■ Problem description: Retype word for word the first line of the listing and each line after it up to the line with "策劃、研究、選品,一年的密切合作為(wei) 展覽注入巧思:展覽兼具學術性與(yu) 教育性,部分內(nei)", with the pictures taken out.
● ● ● ●
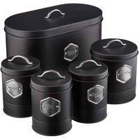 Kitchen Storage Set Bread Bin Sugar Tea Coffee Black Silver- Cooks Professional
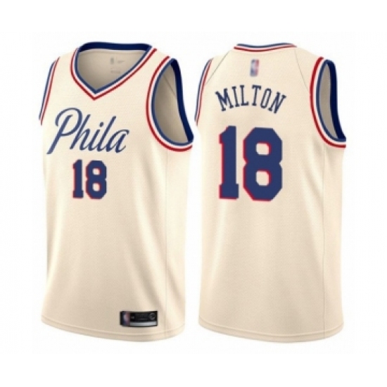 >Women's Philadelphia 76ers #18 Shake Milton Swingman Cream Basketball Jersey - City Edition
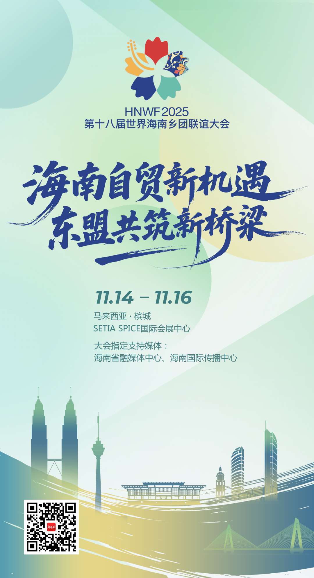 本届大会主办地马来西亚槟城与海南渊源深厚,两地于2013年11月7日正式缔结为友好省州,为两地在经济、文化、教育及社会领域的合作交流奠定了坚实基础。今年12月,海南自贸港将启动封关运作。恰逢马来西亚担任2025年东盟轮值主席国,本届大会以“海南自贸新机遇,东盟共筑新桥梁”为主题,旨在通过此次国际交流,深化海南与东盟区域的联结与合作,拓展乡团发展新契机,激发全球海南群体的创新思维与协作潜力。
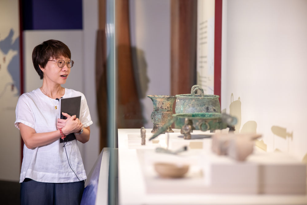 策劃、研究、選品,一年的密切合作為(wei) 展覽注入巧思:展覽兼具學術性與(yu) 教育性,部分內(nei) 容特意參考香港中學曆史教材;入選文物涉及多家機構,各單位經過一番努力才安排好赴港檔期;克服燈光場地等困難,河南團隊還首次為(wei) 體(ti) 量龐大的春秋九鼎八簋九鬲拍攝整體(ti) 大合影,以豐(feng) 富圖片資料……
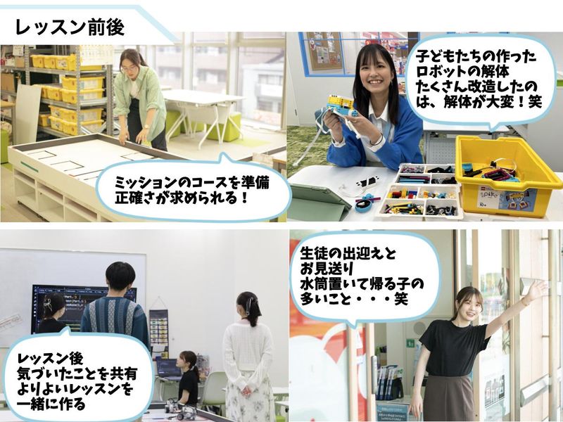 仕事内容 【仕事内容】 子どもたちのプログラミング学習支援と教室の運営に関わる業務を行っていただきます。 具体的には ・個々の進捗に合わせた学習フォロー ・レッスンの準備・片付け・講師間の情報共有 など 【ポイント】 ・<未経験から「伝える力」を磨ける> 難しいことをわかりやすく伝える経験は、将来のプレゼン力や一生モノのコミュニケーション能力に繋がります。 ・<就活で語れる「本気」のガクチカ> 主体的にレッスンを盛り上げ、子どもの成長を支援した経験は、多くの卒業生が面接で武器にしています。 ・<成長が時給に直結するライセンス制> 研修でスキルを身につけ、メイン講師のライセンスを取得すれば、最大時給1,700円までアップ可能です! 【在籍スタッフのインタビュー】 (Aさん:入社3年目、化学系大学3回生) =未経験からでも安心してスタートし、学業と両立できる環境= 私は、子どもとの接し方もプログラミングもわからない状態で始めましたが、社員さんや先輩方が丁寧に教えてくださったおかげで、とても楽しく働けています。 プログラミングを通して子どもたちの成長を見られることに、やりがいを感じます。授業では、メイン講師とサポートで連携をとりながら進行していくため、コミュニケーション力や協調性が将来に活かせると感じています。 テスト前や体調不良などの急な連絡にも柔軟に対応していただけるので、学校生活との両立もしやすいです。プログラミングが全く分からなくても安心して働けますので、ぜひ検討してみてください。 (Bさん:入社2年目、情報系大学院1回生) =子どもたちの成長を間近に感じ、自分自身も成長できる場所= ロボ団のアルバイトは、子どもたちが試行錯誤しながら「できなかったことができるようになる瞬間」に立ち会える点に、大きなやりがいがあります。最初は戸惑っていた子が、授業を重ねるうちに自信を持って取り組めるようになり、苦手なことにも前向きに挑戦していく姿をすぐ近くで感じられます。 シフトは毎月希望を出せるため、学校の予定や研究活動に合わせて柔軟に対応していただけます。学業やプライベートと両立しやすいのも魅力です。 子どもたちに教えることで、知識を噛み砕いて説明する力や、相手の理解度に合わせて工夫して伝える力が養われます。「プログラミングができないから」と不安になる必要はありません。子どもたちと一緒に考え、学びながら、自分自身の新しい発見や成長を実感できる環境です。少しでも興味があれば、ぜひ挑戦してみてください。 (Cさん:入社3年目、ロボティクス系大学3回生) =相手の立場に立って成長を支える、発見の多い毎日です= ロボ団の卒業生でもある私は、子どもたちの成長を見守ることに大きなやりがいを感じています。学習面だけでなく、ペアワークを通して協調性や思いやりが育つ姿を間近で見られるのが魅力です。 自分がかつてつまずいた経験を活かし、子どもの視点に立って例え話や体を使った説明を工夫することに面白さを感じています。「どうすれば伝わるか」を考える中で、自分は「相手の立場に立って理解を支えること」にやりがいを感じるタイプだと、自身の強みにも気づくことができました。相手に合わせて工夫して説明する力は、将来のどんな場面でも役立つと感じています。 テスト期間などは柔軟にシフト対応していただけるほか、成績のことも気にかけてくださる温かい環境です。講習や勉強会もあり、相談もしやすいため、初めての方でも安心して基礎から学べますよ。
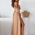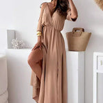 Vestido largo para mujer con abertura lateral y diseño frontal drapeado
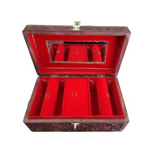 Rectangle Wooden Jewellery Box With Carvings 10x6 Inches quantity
● ● ● ●
■ Response to the exercise:
 Kitchen Storage Set Bread Bin Sugar Tea Coffee Black Silver- Cooks Professional
 >Women's Philadelphia 76ers #18 Shake Milton Swingman Cream Basketball Jersey - City Edition
 本届大会主办地马来西亚槟城与海南渊源深厚,两地于2013年11月7日正式缔结为友好省州,为两地在经济、文化、教育及社会领域的合作交流奠定了坚实基础。今年12月,海南自贸港将启动封关运作。恰逢马来西亚担任2025年东盟轮值主席国,本届大会以“海南自贸新机遇,东盟共筑新桥梁”为主题,旨在通过此次国际交流,深化海南与东盟区域的联结与合作,拓展乡团发展新契机,激发全球海南群体的创新思维与协作潜力。
 策劃、研究、選品,一年的密切合作為(wei) 展覽注入巧思:展覽兼具學術性與(yu) 教育性,部分內(nei) 容特意參考香港中學曆史教材;入選文物涉及多家機構,各單位經過一番努力才安排好赴港檔期;克服燈光場地等困難,河南團隊還首次為(wei) 體(ti) 量龐大的春秋九鼎八簋九鬲拍攝整體(ti) 大合影,以豐(feng) 富圖片資料……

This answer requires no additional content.